Again, any sensible Malaysian could have told him it was because Mahathir gave paramountcy to Islam and Muslims. So why should Malaysian Muslims be disgruntled? And as for Islamic terrorists from outside, why would they target Malaysia, a brother Muslim country?

Protective of thesis

Plate is barking up the wrong tree. His thesis is flawed. But he appears ever protective of it.

There is even one occasion, as recounted in the book, when Plate seems more protective of his thesis than having the opportunity of portraying what Mahathir really is. This is over Mahathir's assertion that there were hardly any Jews in the World Trade Centre when 9/11 happened.

To himself, Plate admits that this “seemed a borderline scary assertion, factually inaccurate (in fact, there were hundreds of Jews among the fatalities)”. But he doesn't correct Mahathir.

Instead, he feels worried that Mahathir might say more, that he might endorse “the ludicrous hypothesis that the government of Israel had secretly orchestrated the 9/11 attacks”. And when Mahathir doesn't say more, Plate actually sighs “with enormous relief”.

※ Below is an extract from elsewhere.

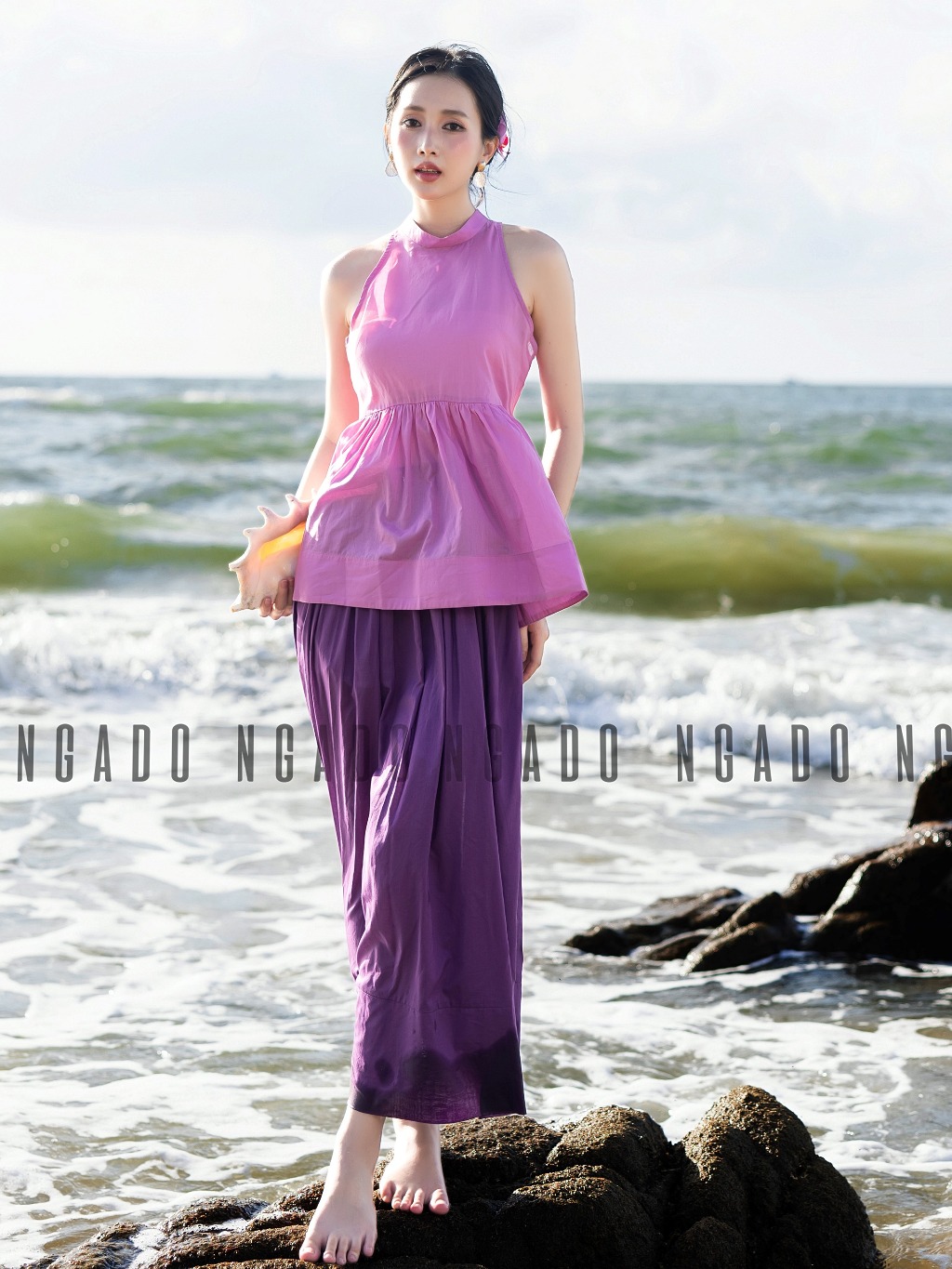 ✨Chân váy tím đậm NGADO , Chân váy xòe , Chân váy dài , Chân váy thiết kế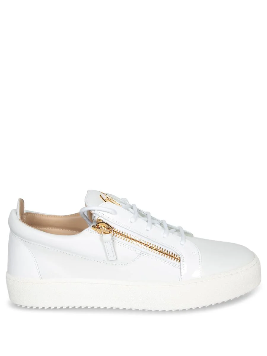Smooth leather sneakers with side gold zipper and metallic logo detail. Rubber sole. An urban-chic style icon, Giuseppe Zanotti's 'Frankie Zip' sneakers enhance any look with a touch of understated luxury. Perfect for a sophisticated stride, from morning to evening. Gender: Men Material: 100% LEATHER Color: WHITE Made in: Imported Product ID: RU50000 004 *Import tax/duty will be calculated at checkout (If applicable)

“It became one of those rare times in our conversations that I was truly glad to see him pull up, for to doubt his maturity (not to mention his mental health) would not be healthy for the book. Or for my thesis that Mahathir's life and views are of profound relevance today.”

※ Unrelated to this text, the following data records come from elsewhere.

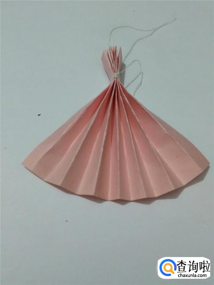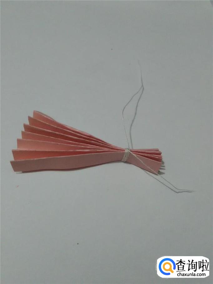 用线把纸的一端扎好。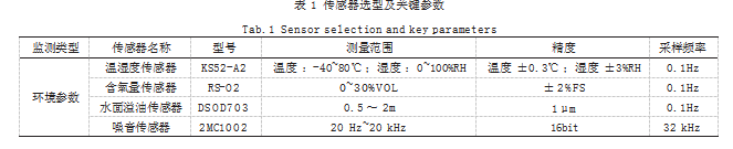 传感器选型以“高精度、高可靠性、适配工业环境”为核心原则[6]。具体设备参数如表1所示。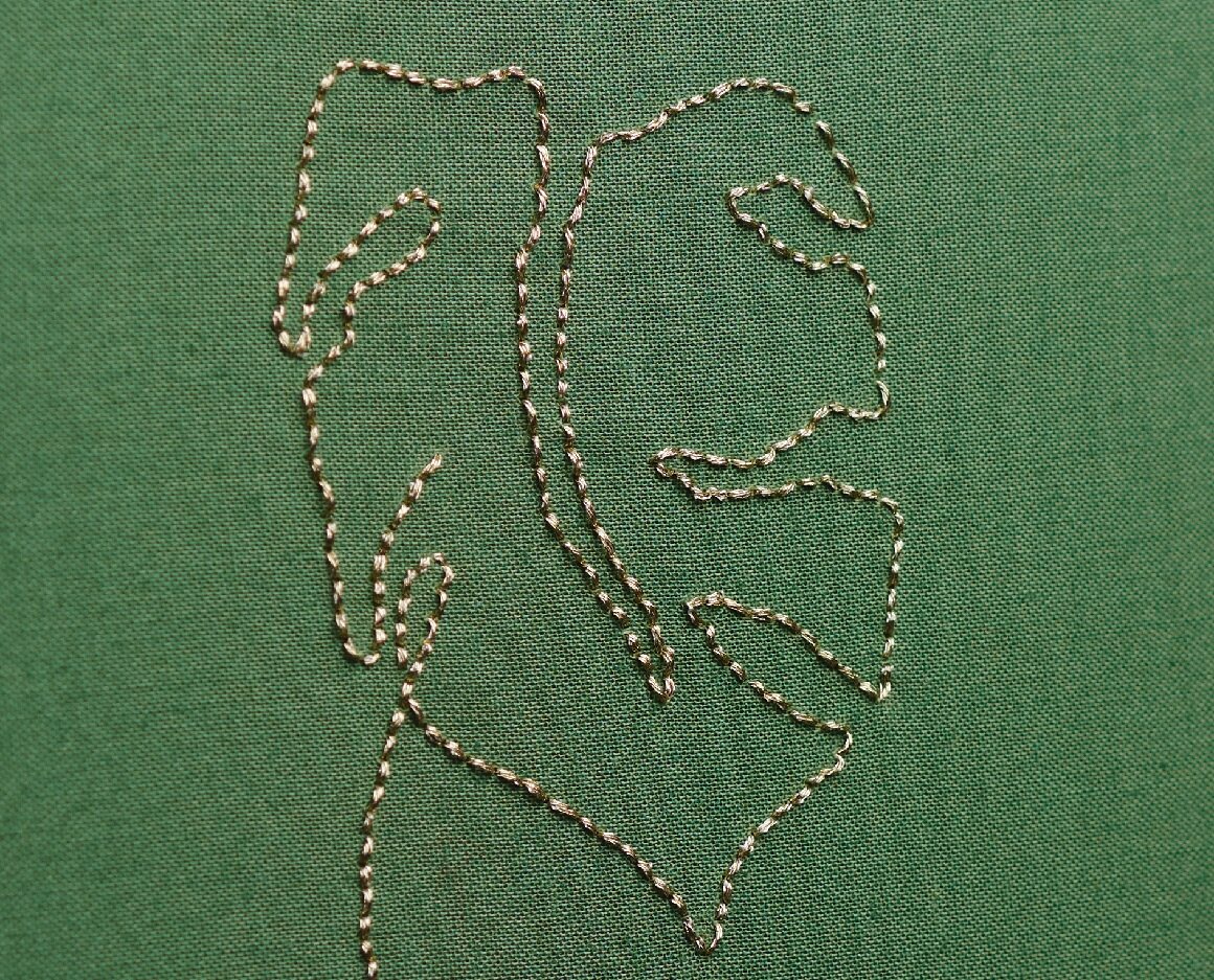 You now embroider with a back stitch. This involves using the embroidery needle to "trace" the outline of the embroidery design with needle and thread: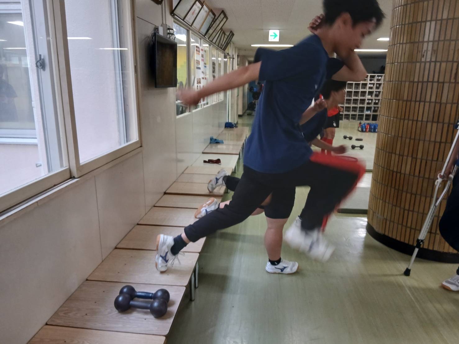 その後、膝裏タッチを行いました。ディップして両手で膝裏を触れるように自分の姿勢に気をつけながら練習に取り組みましょう。

azlanPlate notes that a few months later, “after we finished our series of conversations”, Mahathir “came out with a lulu” when he said if the US was capable of making the movie Avatar, it was capable of staging 9/11.
That, as Malaysians know, was one of the most laughable statements ever made by anyone, but Plate merely leaves it as a by-the-by. Obviously, pursuing it would have compromised his thesis.

He is generally gentle with Mahathir. He is seldom confrontational; he asks politely framed questions, and when an issue looks in danger of getting heated, he eases off.

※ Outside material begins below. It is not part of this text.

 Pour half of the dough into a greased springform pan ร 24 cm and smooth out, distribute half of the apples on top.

Thus, when it comes to the issue of some of “Dr M's relatives (being) worth plenty, and that the good doctor himself has funds and shares stashed here and there (and especially in Japan) and everywhere”, he doesn't push it. He chooses instead to project Mahathir as the humble wage-earner who as PM made less than US$3,000 a month, “like a meagre US journalist's pension”.

Mahathir comes out looking like a saint who says he's not greedy and that his “real reward is achievement”.

When it comes to Malaysian issues, Plate often does not ask the right questions or press on with relevant follow-up ones.
azlanHere's one question he could have asked Mahathir but did not when the latter said he was against detaining the 106 people during Operasi Lalang: “Why then did you, as Home Minister, sign the order to detain 40 of them for two years?”

When Plate asks, “Does the government of Malaysia have good control over ISA?” and Mahathir answers, “Yes”, he could have followed that up with: “Then why did the government detain an innocent journalist under the ISA in 2008 and even say, stupidly, that it was for her own protection?”

Alarmingly, Plate goes to the extent of justifying Mahathir's management style as “politically efficient corruption”. One would have thought corruption was corruption, but Plate prettifies it here: “Dr M kind of bribed the whole country to behave! … (it) produces something of value that cannot always be quantifiable: getting key elements of a society to buy into the system so as to attain political stability ... it may be the most politically efficient.”

This would normally belong in the realm of spin-doctoring, but in journalism these days, you never know!

In any case, Plate's book is not hard-talk, hard-core journalism stuff. It's written for a popular audience, and comes complete with hyperboles, corny bits (“If nothing else, the Proton was further evidence … of Dr M's protean will”) and naïve remarks by the author.

His chapter titles, modelled after the James Bond movies for the laughable reason that Mahathir is a man of action, are not only corny but also strained. A bad-taste example is 'Die Another Way?', the chapter on the 9/11 deaths.

On the whole, 'Dr M: Operation Malaysia' seems closer to cosmetic surgery than dissection. For a more substantial interview, without the pop and the corn and the showman-like sheen, you'd be better off reading 'Hard Truths'.